For multiple element arrangements entered into or materially modified on or subsequent to January 1, 2011, the total consideration for an arrangement is allocated among the separate elements in the arrangement based on a selling price hierarchy. The selling price hierarchy for a deliverable is based on (i) vendor specific objective evidence (VSOE); if available; (ii) third party evidence of selling price if VSOE is not available; or (iii) an estimated selling price, if neither VSOE nor third party evidence is available. If we have not established VSOE and cannot obtain third party evidence of selling price, we determine our estimate of the relative selling price by considering our production costs and historical margins of similar products or services. We believe this best represents the price at which we would transact a sale if the product or service were sold on a stand-alone basis. We regularly review the method used to determine our relative selling price and update any estimates accordingly. We limit the amount of revenue recognized for delivered elements to the amount that is not contingent on the future delivery of products or services or other future performance obligations.

For multiple element arrangements entered into prior to January 1, 2011, revenue is allocated among the separate accounting units based on the residual method under which the revenue is allocated to undelivered elements based on fair value of such undelivered elements and the residual amounts of revenue are allocated to delivered elements, provided the delivered elements have value on a stand alone basis, there is objective and reliable evidence of fair value for the undelivered elements, the arrangement does not include a general right of return relative to the delivered item and delivery or performance of the undelivered item(s) is considered probable and substantially in our control. The maximum revenue recognized on a delivered element is limited to the amount that is not contingent upon the delivery of additional items.

We generally recognize revenue from spare parts sales upon shipment, as our products are generally sold on terms that transfer title and risk of ownership when it leaves our site. We sell service contracts for which revenue is deferred and recognized ratably over the contract period (for time-based service contracts) or as service hours are delivered (for contracts based on a purchased quantity of hours). We recognize license revenue from transactions in which our systems are re-sold by our customers to third parties, as well as from royalty arrangements.

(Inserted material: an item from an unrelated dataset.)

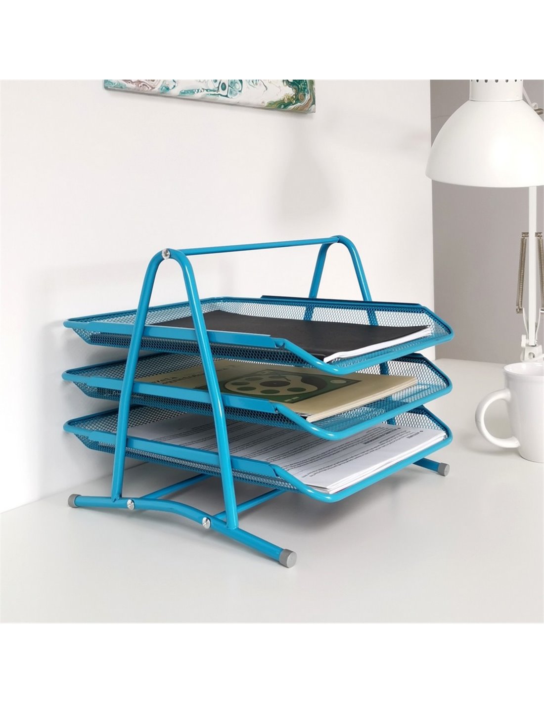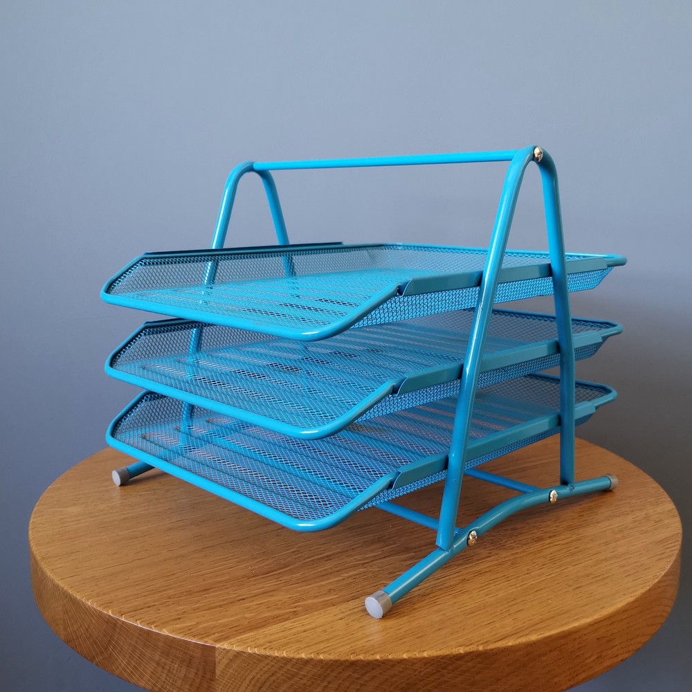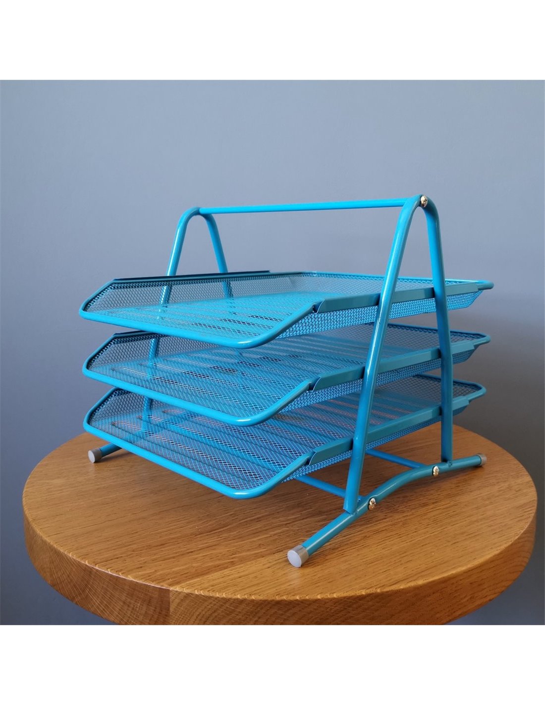 Alege suportul Leviatan turcoaz cu 3 tăvițe pentru un birou organizat, modern și plin de culoare!

Costs related to deferred product revenues are capitalized (deferred) and recognized at the time of revenue recognition. Deferred product revenue and costs are netted on our balance sheet, under the caption “deferred product and services income.”

Costs incurred for shipping and handling are included in cost of sales.

Other Assets

Included in other assets for the three month period ended October 1, 2011 is restricted cash in the amount of $0.2 million. The restricted cash is in the form of an interest bearing account. Our obligation will be released upon the completion of our warranty obligation for a certain customer.